▶ [Exercise prompt]
When you reach the line with "Кубок России по" in the records below, begin transcribing exactly and continue up to and including the line with "Begin de eerste dagen met zacht voedsel", leaving out every picture.
+++ Records for processing
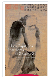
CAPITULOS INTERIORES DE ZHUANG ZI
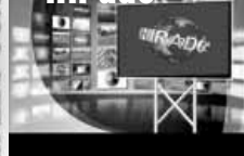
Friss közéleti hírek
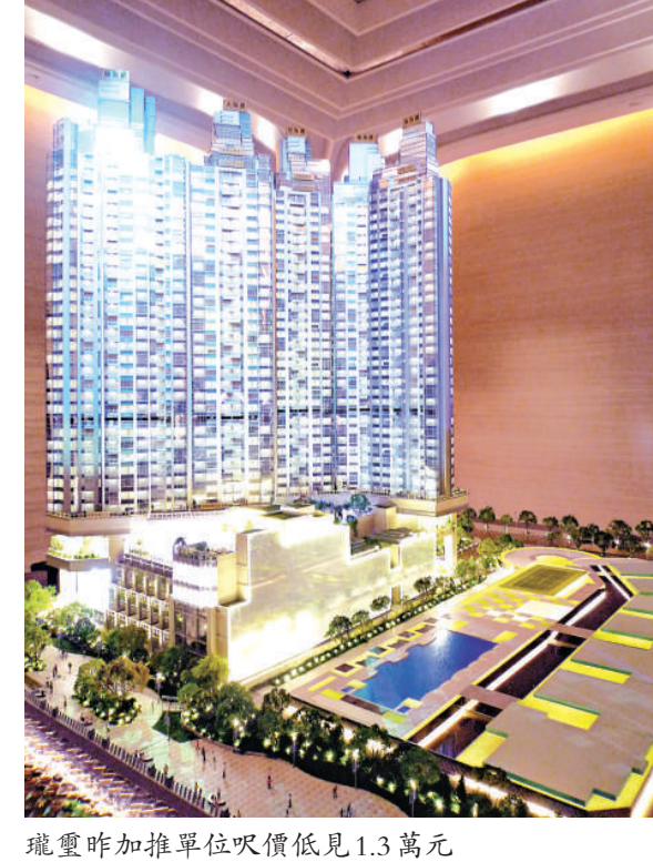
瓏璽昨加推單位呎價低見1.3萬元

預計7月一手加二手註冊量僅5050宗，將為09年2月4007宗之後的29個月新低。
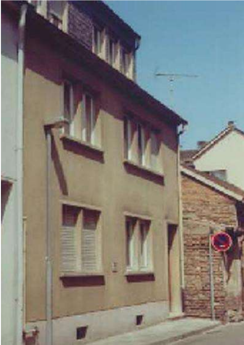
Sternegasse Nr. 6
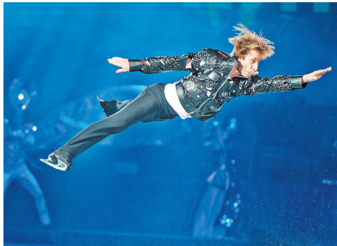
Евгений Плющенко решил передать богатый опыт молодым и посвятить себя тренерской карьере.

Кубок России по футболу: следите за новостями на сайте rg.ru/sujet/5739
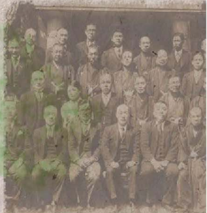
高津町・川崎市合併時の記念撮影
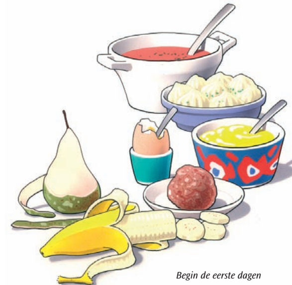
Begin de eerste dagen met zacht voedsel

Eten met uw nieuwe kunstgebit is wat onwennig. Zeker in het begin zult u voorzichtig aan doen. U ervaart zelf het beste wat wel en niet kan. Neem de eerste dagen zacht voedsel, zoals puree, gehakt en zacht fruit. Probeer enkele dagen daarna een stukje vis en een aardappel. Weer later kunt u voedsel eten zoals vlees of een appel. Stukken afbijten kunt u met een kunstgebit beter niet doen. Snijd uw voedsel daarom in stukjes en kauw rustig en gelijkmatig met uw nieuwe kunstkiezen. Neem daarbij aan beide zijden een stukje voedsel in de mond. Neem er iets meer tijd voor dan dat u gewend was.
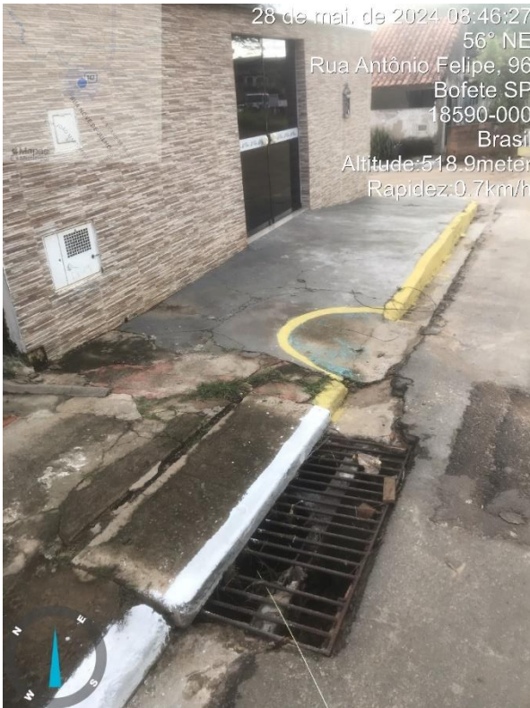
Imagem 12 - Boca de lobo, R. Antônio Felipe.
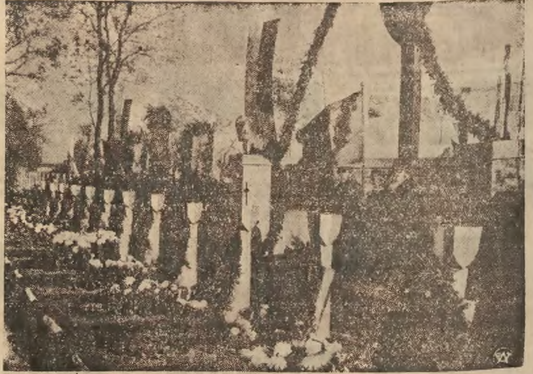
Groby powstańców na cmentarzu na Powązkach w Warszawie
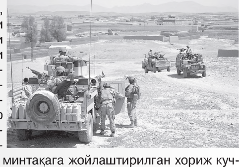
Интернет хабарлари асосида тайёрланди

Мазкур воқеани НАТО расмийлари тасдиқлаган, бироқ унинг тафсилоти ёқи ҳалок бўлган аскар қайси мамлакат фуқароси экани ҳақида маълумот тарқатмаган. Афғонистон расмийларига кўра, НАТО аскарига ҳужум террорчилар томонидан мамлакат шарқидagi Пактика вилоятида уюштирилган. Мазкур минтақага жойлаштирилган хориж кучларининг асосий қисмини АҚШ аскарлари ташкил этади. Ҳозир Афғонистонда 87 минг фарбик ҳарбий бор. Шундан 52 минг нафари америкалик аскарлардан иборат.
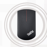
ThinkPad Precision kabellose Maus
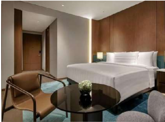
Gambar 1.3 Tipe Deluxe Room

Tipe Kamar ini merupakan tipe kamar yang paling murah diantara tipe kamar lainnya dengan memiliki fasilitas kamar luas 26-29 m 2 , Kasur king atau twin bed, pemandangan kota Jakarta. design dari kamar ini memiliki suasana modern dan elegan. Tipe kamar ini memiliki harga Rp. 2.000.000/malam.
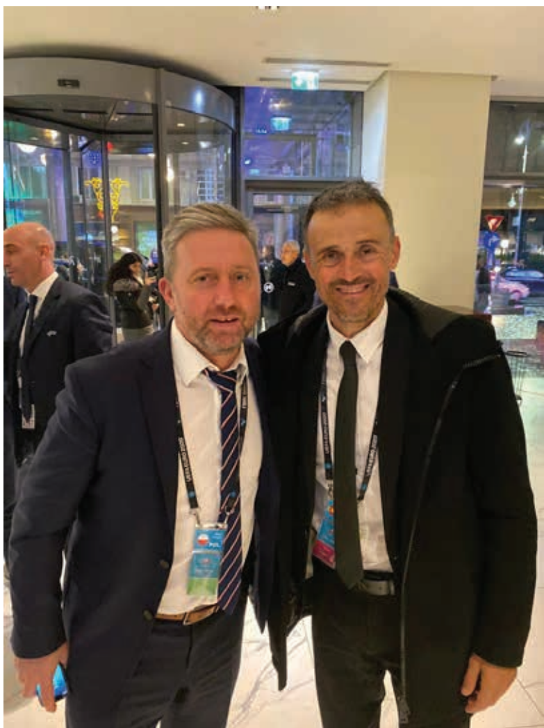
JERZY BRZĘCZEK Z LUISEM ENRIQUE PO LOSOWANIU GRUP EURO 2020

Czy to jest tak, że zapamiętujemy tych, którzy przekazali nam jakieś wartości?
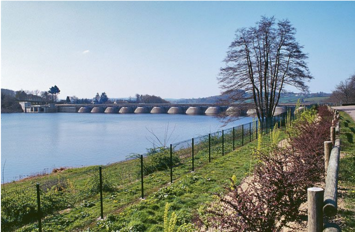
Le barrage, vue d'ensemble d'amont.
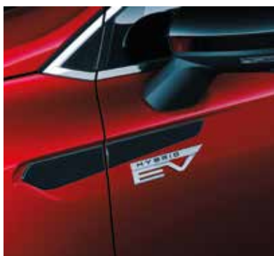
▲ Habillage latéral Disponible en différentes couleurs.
++++++
▶ [Solution to this task]
Кубок России по футболу: следите за новостями на сайте rg.ru/sujet/5739
高津町・川崎市合併時の記念撮影
Begin de eerste dagen met zacht voedsel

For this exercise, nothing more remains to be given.